Bel was relieved that he was not in her pew.

It was bad enough that she had entered the church on his arm, creating a spectacle for the whole parish of Upper Cross.

“Belinda May Morrison,” hissed Aunt Lucy as the organ reached the final cadence. “Who is that ?”

“Hush, Aunt,” said Bel. “He can hear you.”

“Yes, I can,” he said, turning halfway in his seat and flashing Bel’s companion a charming smile. Aunt Lucy’s wrinkled face began to glow, and Bel almost shook her head in disgust. Why did her aunt have to be so susceptible to every handsome countenance?

“ That is Mr. Lymington,” said Bel in low tones. “He is staying at Audeley House.”

“I didn’t realise the Audeleys had returned from London—”

“They haven’t,” whispered Bel, trying to silence her aunt as the vicar walked in front of the altar to begin the service. “Mr. Lymington is merely utilising their house for free lodging.”

“What a delightful construction to put on my presence,” whispered Mr.

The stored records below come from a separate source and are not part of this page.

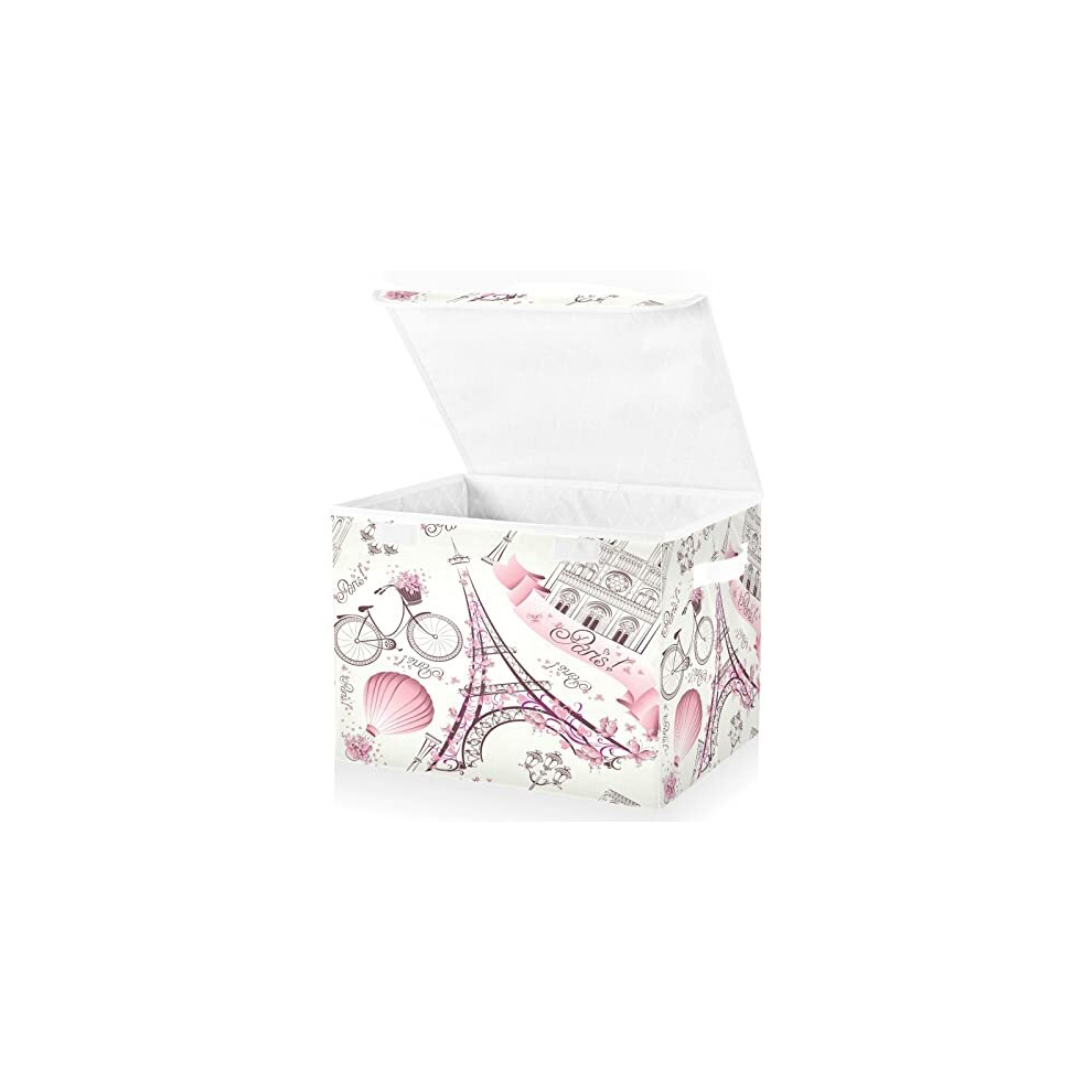 Storage Boxes with Lids, Paris Eiffel Tower Flower Large Storage Basket Organizer Shelves Cube Bin Toy Clothes Underbed
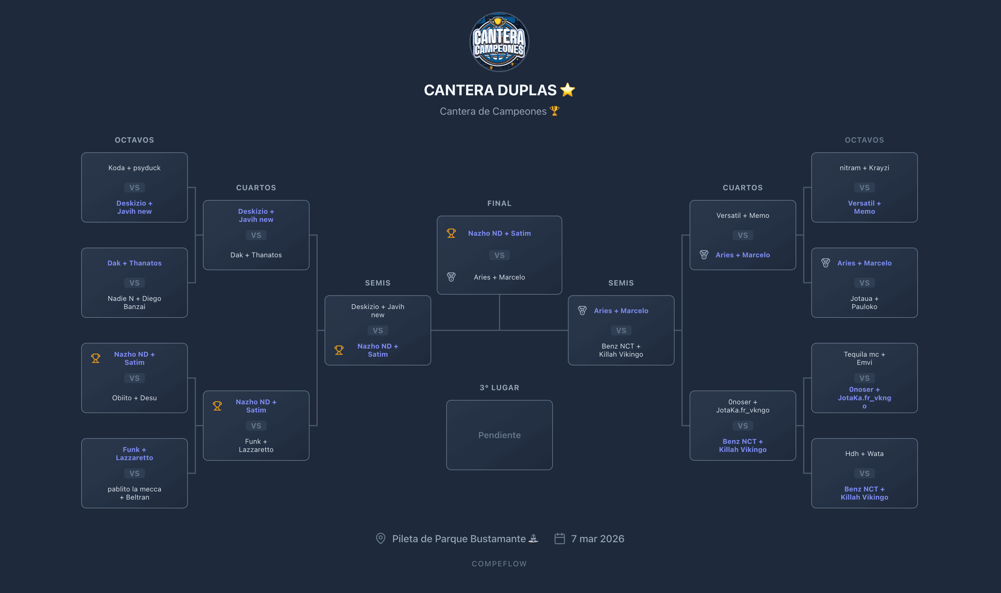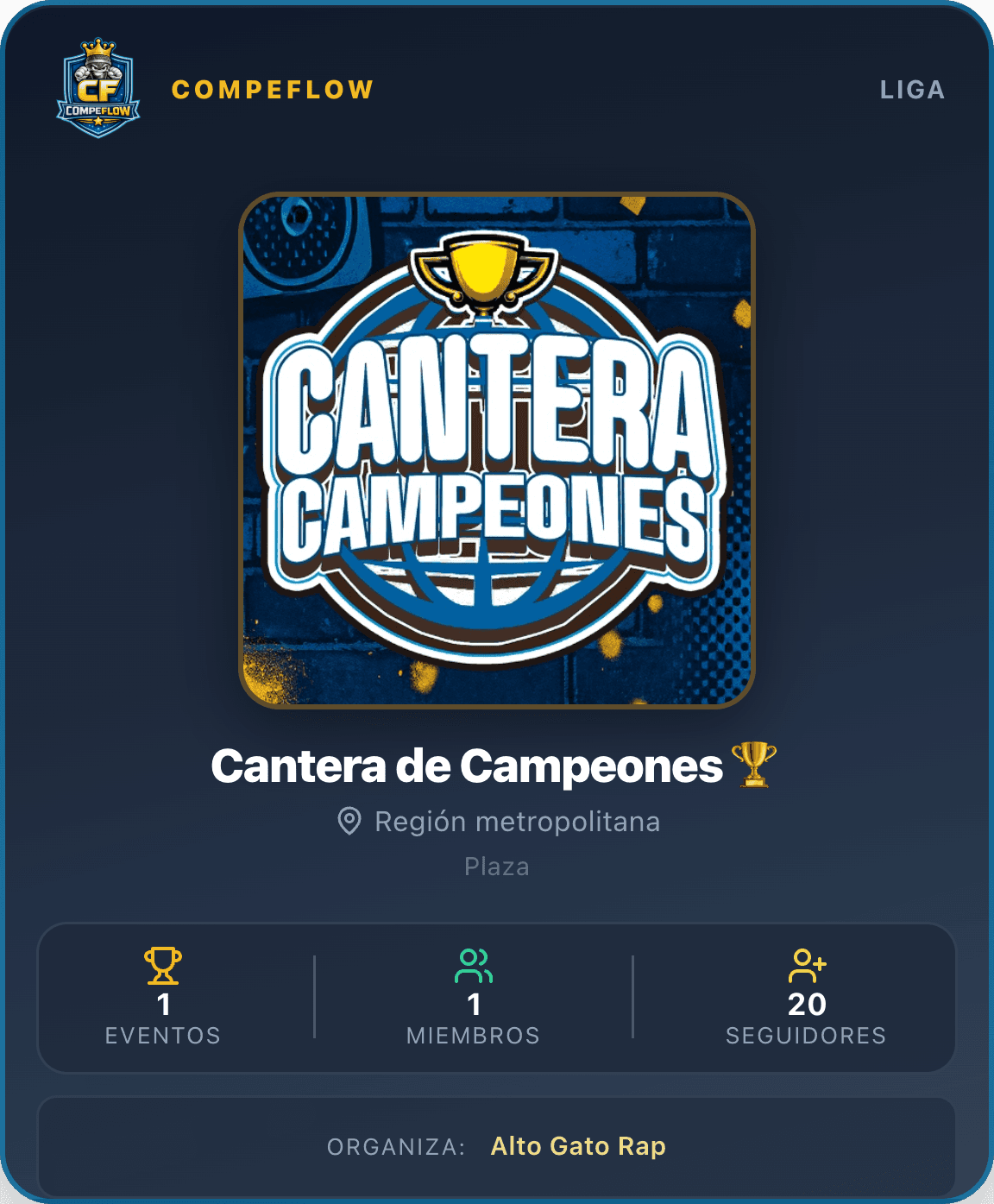 CompeFlow reúne en un solo lugar lo que hoy suele repartirse entre WhatsApp, planillas y publicaciones sueltas. Ordena la convocatoria, la operación y el cierre de cada evento, mientras conecta ligas, competidores, jurados y fans dentro de una misma plataforma.
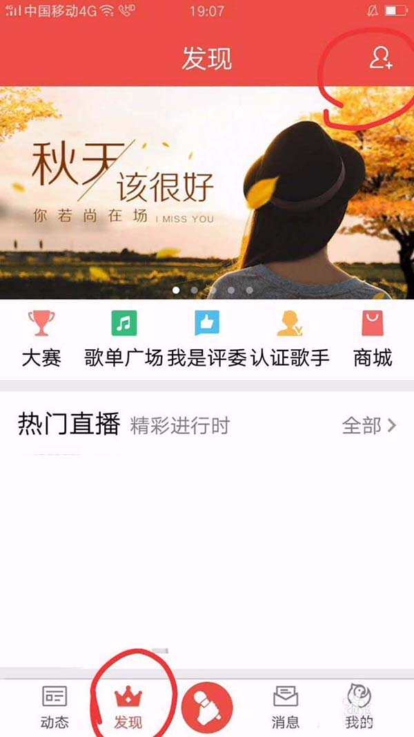 2、在登录后的个人主页面,我们找到下方的“发现”选项,然后用手点击一下,再点击一下该页面右上角的“添加”选项。
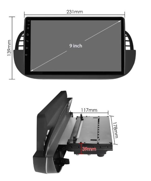 U kompletu: maska za Fiat 500, autoradio 9” jačine prema izboru, 2xUSB kabel, 1xISO konektor za Doblo, RCA input/output, antena konektor, konektor za kameru.
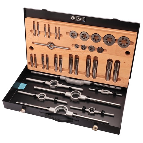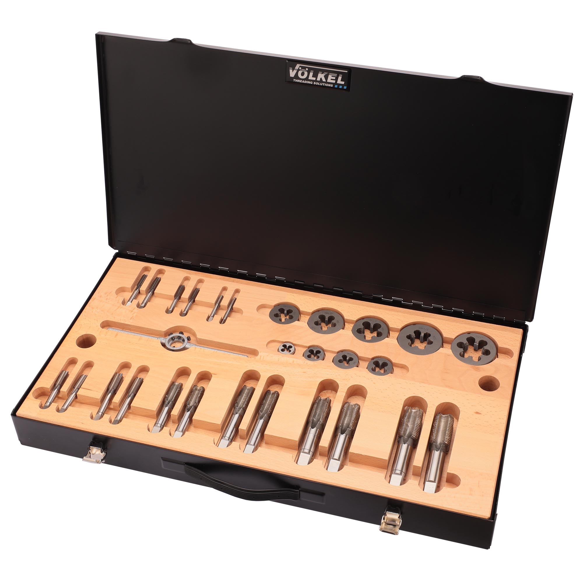 Набор метчиков и плашек UNF 1/4-1,0 HSS-G 35пр VOELKEL V48063 предназначен для создания внутренней и наружной дюймовой Американской резьбы UNF (Unified National Fine thread) с углом профиля 60 градусов.

Lymington. “I’m pleased to meet you, Auntie.”

Aunt Lucy began to giggle.

“Almighty God,” said Mr. Townsend, beginning the prayer with far too exuberant a tone, “give us grace that we may cast away the works of darkness, and put upon us the armour of light, now in the time of this mortal life in which thy Son Jesus Christ came to visit us in great humility….”

Bel straightened her back and looked forward between the narrow confines of her bonnet brim, willing herself to ignore the man in the pew in front of her.

But every time she succeeded in freeing her mind from considering Mr. Lymington, it veered off into an inner criticism of the vicar’s method of reading the liturgy.

Did not this “Shropshire lad” understand that there should be a certain reverent gravity to his cadence?

One did not read the litany as if announcing the next act at a circus.

The vicar’s enthusiasm for the service was excessive—the exact opposite of Mr. Lymington’s, as he sat inspecting the fingers of his gloves rather than giving the readings his full attention.